___ Excerpted data ___
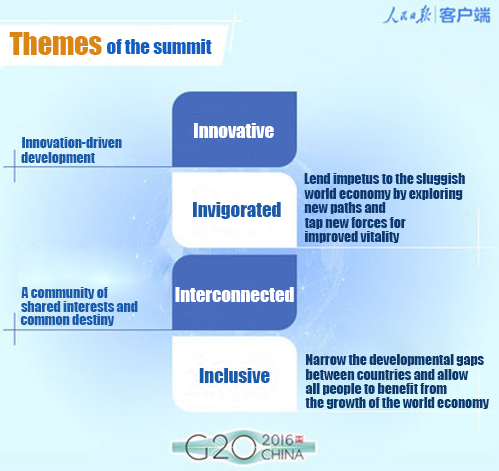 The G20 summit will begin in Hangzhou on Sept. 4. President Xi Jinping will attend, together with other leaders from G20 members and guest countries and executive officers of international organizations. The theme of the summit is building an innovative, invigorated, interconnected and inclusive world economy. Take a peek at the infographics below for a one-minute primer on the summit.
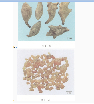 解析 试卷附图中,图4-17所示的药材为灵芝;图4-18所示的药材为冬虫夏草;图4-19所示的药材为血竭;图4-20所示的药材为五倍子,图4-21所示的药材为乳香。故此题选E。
___
___ Excerpted data ___
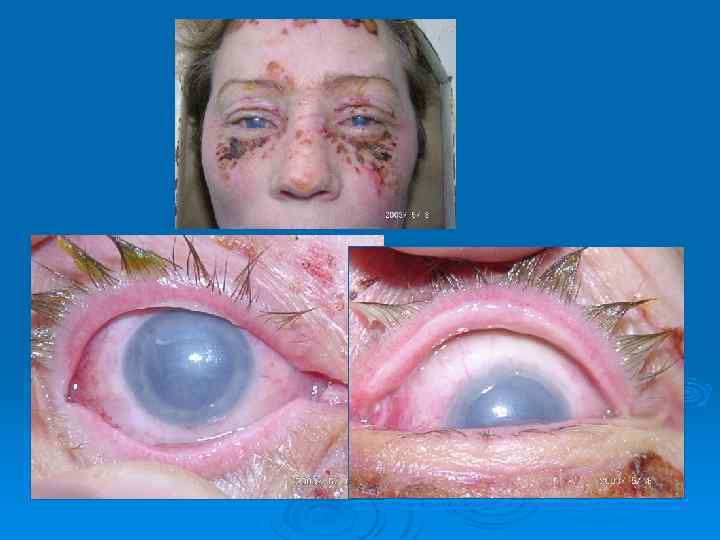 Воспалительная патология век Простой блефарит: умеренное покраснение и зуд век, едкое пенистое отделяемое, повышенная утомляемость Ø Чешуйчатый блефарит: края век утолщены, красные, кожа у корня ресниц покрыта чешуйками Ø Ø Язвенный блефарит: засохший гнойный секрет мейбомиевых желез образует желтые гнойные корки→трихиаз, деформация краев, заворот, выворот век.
___
About this exercise: What's needed is an exact copy of the records above from the line containing "The G20 summit" down to the line containing "解析 试卷附图中,图4-17", both included, without any pictures.

Solution for this task:
 The G20 summit will begin in Hangzhou on Sept. 4. President Xi Jinping will attend, together with other leaders from G20 members and guest countries and executive officers of international organizations. The theme of the summit is building an innovative, invigorated, interconnected and inclusive world economy. Take a peek at the infographics below for a one-minute primer on the summit.
 解析 试卷附图中,图4-17所示的药材为灵芝;图4-18所示的药材为冬虫夏草;图4-19所示的药材为血竭;图4-20所示的药材为五倍子,图4-21所示的药材为乳香。故此题选E。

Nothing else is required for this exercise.